= COLLECTED DATA =
---
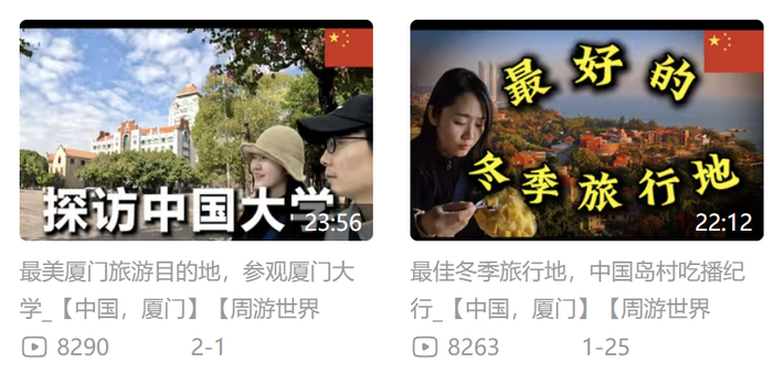 韩国旅游博主“一刹那_ichalla”是一对韩国夫妻,会说中文,从北到南在华夏大地“周游世界”。每周,他们在B站上发2篇旅行日志,厦门是他们的“102站”“103站”。在厦门,他们去了鼓浪屿和厦门大学,感叹鼓浪屿的安静、候船大厅的整洁、厦门大学的美丽。
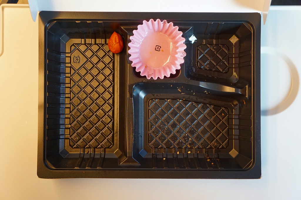 エビフライは確かに大きく、衣で増量せず身での大きさがある。「びっくりみそかつ」に続きインパクトのある商品が誕生した感じ。パッケージには「三河安城駅」の表記が見えるが、現地ではこれからどこでどのように販売されるのだろうか。価格は2011年の購入時で1,100円、2014年時点で1,220円、2019年時点で1,130円。2019年頃までの販売か。
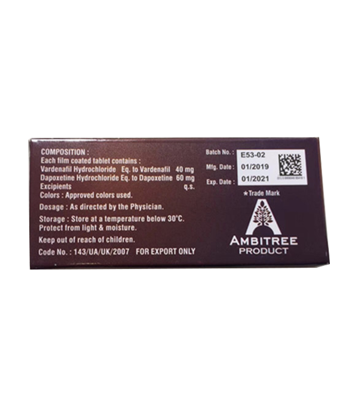 【藥品成分】:伐地那非(艾力達) 40mg +達泊西汀(超級艾力達)60mg
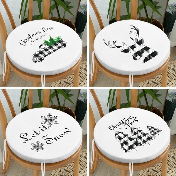 4’lü Ekose Zeminli Yılbaşı Desenli Yuvarlak Fermuarlı Sandalye Minderi Seti
---
Repeat all the material above exactly, apart from the pictures.

= ANSWER =
 韩国旅游博主“一刹那_ichalla”是一对韩国夫妻,会说中文,从北到南在华夏大地“周游世界”。每周,他们在B站上发2篇旅行日志,厦门是他们的“102站”“103站”。在厦门,他们去了鼓浪屿和厦门大学,感叹鼓浪屿的安静、候船大厅的整洁、厦门大学的美丽。
 エビフライは確かに大きく、衣で増量せず身での大きさがある。「びっくりみそかつ」に続きインパクトのある商品が誕生した感じ。パッケージには「三河安城駅」の表記が見えるが、現地ではこれからどこでどのように販売されるのだろうか。価格は2011年の購入時で1,100円、2014年時点で1,220円、2019年時点で1,130円。2019年頃までの販売か。
 【藥品成分】:伐地那非(艾力達) 40mg +達泊西汀(超級艾力達)60mg
 4’lü Ekose Zeminli Yılbaşı Desenli Yuvarlak Fermuarlı Sandalye Minderi Seti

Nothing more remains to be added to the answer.